At the local level, the bill is also projected to have no significant fiscal impact on city, county, or other regional governmental units. This finding aligns with the bill’s narrow focus—modifying disclosure requirements under the Insurance Code, rather than imposing new mandates or cost burdens on local health program administrators.
Relevant state agencies, including the Employees Retirement System, the Health and Human Services Commission, and administrative offices from both the Texas A&M University System and the University of Texas System, reviewed the bill and did not identify cost concerns. This fiscal neutrality is largely due to the nature of the bill, which exempts certain local health care programs from compliance with existing health care cost disclosure statutes rather than adding new regulatory obligations.
HB 721 seeks to exempt certain regional or local health care programs, such as the UTMB Health Multi-Share Plan, from existing state laws requiring health benefit plans to disclose the cost of care. The bill's intent is to preserve the viability of small-scale, nonprofit-style health coverage programs that operate with capped enrollment and modest budgets. The bill author argues that the administrative burden of complying with full transparency regulations would threaten the continued operation of these programs, which provide a basic level of coverage to workers who might otherwise be uninsured.
However, while the intent is understandable, the approach taken in HB 721 substantially violates several core liberty principles—specifically, Individual Liberty, Personal Responsibility, and Free Enterprise. Transparency in pricing is fundamental to empowering consumers to make informed decisions about their health care. Exempting certain plans from these requirements undermines the uniformity and integrity of consumer protection laws. It also reduces market accountability and could create competitive imbalances where some health plans are held to higher standards than others, despite serving similar populations.

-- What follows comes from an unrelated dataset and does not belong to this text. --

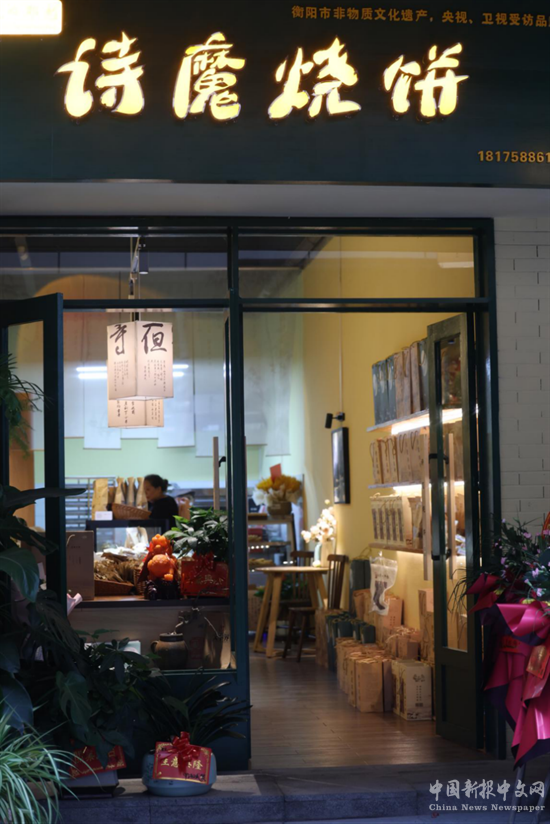 詩魔燒餅店不僅是一家燒餅鋪,更是一個(gè)集美食、文學(xué)、藝術(shù)于一體的文化空間。在這里,顧客可以一邊品嘗著酥脆可口的燒餅、月餅等衡陽美食,一邊沉浸在由詩歌、音樂、攝影、美術(shù)共同營造的詩意氛圍中??Х鹊南銡狻⒃姼璧拇己?、書法的古樸,共同構(gòu)建了一個(gè)遠(yuǎn)離塵囂的心靈桃花源,讓每一個(gè)踏入此地的靈魂都能找到詩意的棲居之所,每一塊精心制作的燒餅和月餅,都蘊(yùn)含著對(duì)過往歲月的深深敬意;每一句流淌在舌尖的詩行,都是對(duì)未來美好生活的無限期許。詩魔燒餅將以衡陽南華里樂街為新的起點(diǎn),開啟了一場(chǎng)以燒餅為舟、詩歌為帆的筑夢(mèng)之旅。(通訊員 陽瓊 羅詩斌 攝影:辣椒老師)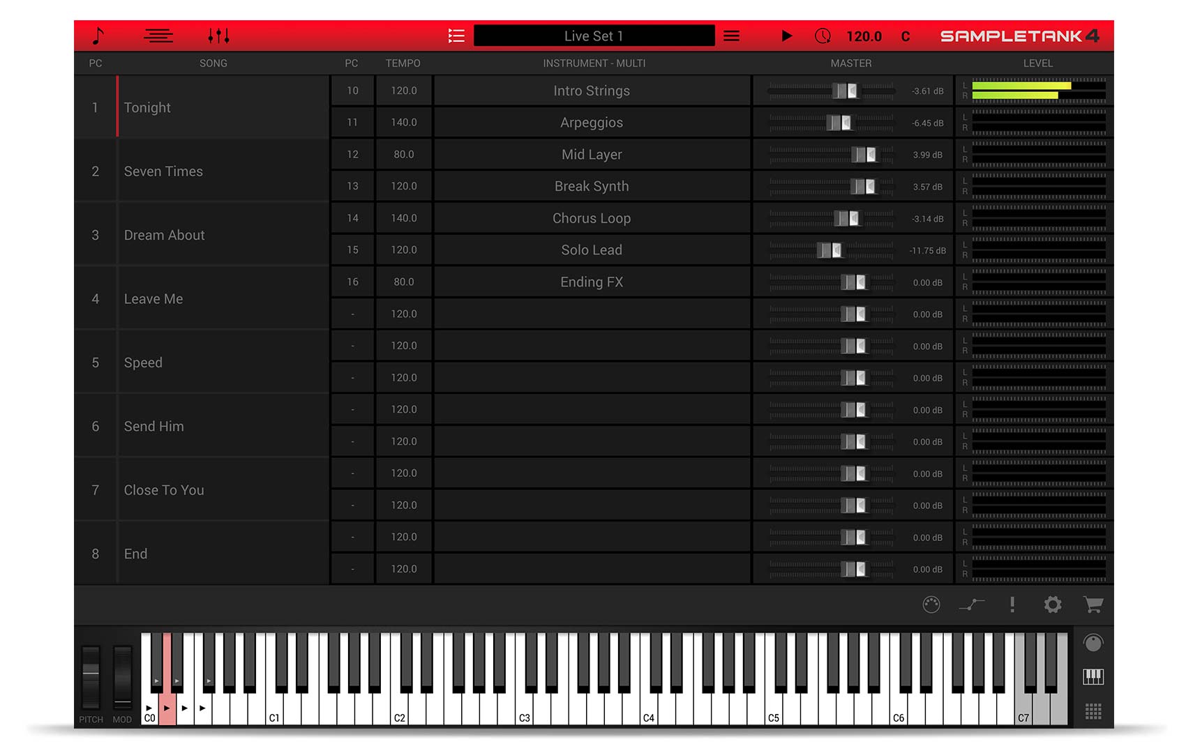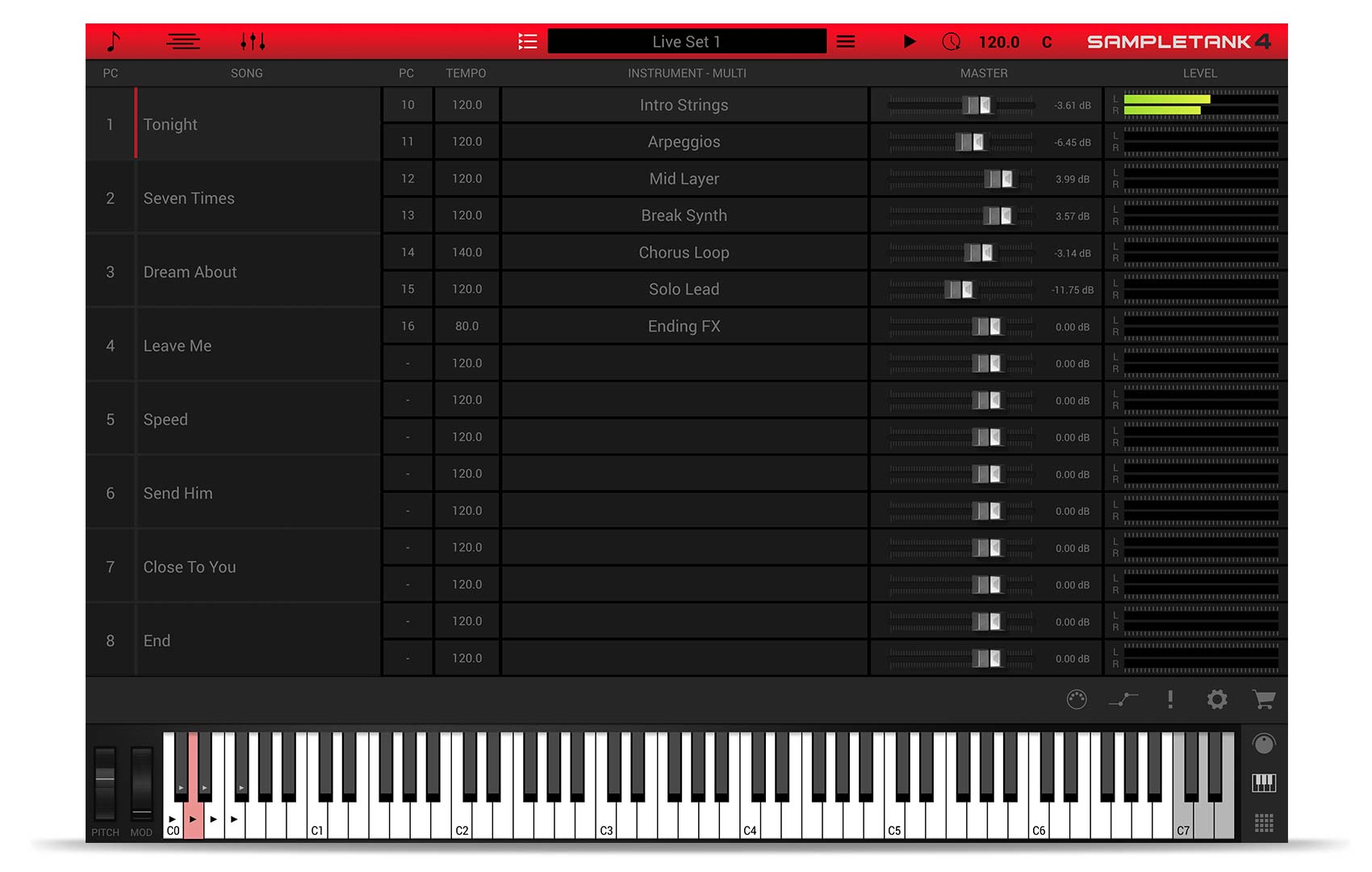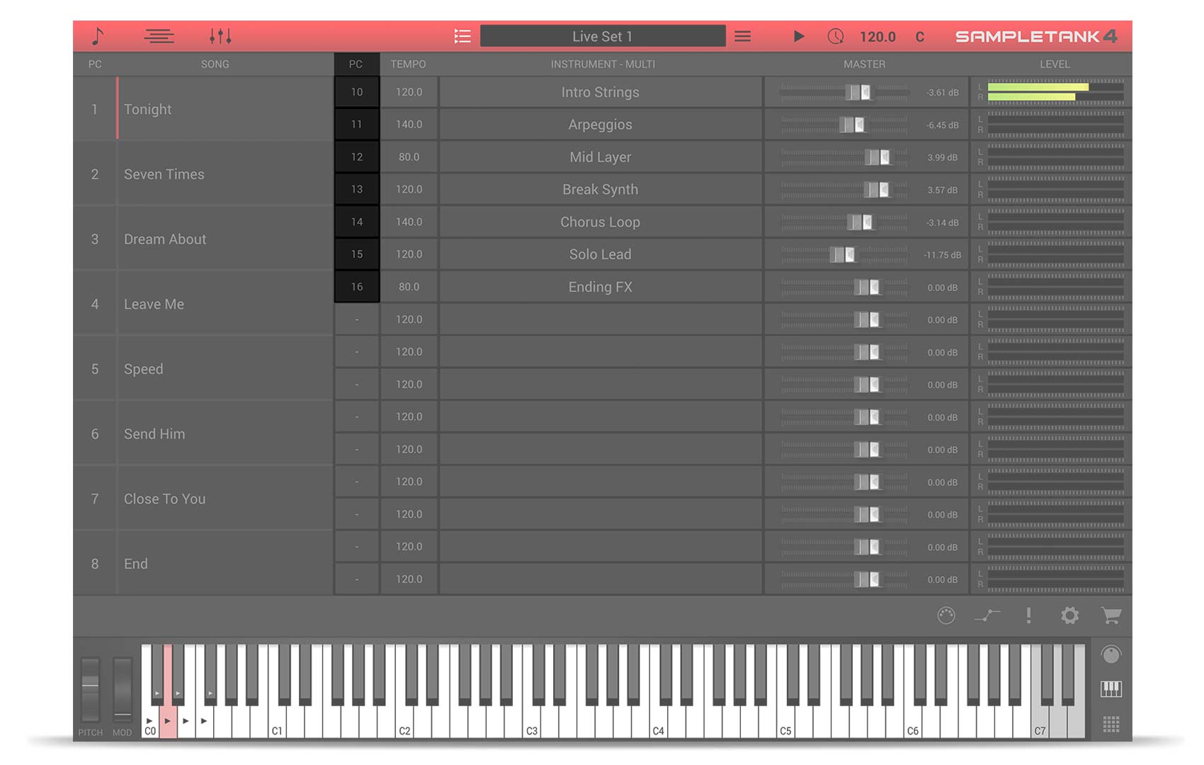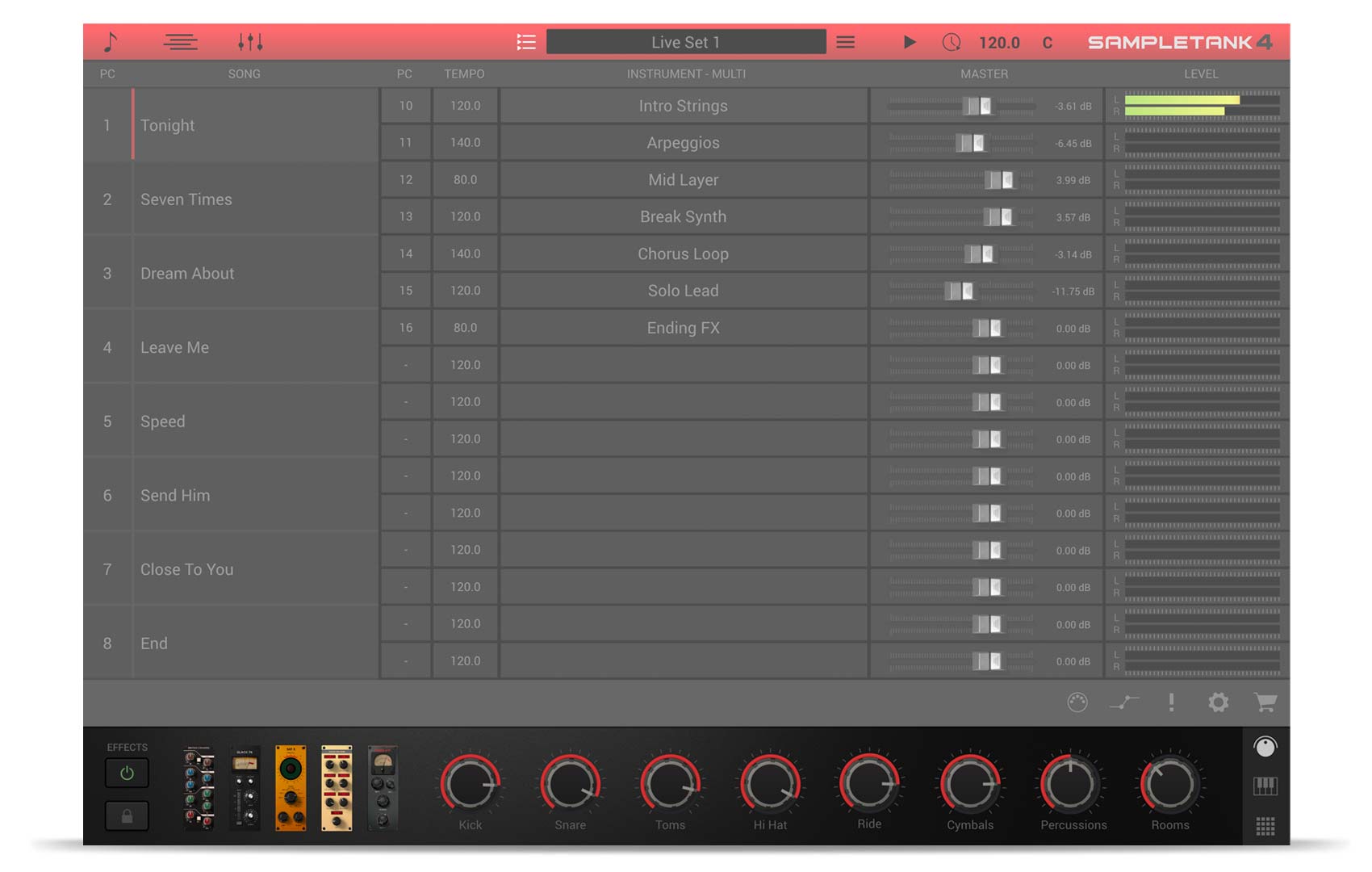 A great song deserves to be performed, so SampleTank 4 makes this easier than ever to hit the stage. A unique, re-designed Live mode lets you build an entire set list and gives you the controls you need right at your fingertips for your live performances.

Furthermore, the bill could set a problematic precedent by allowing economic or administrative hardship to justify broad exemptions from transparency standards, rather than encouraging regulatory adaptation. Rather than exempting these programs entirely, the Legislature should explore amending the bill to implement proportional, simplified reporting requirements. This would allow localized programs to remain viable while still ensuring their enrollees receive basic information about health care pricing and coverage. Another constructive amendment would be to sunset the exemption after a trial period, subject to review and reauthorization based on performance and transparency outcomes.
Until those kinds of amendments are adopted, this legislation weakens key protections for health care consumers and risks opening the door to further carve-outs that dilute market transparency. Therefore, Texas Policy Research recommends that lawmakers vote NO on HB 721 unless amended as described above.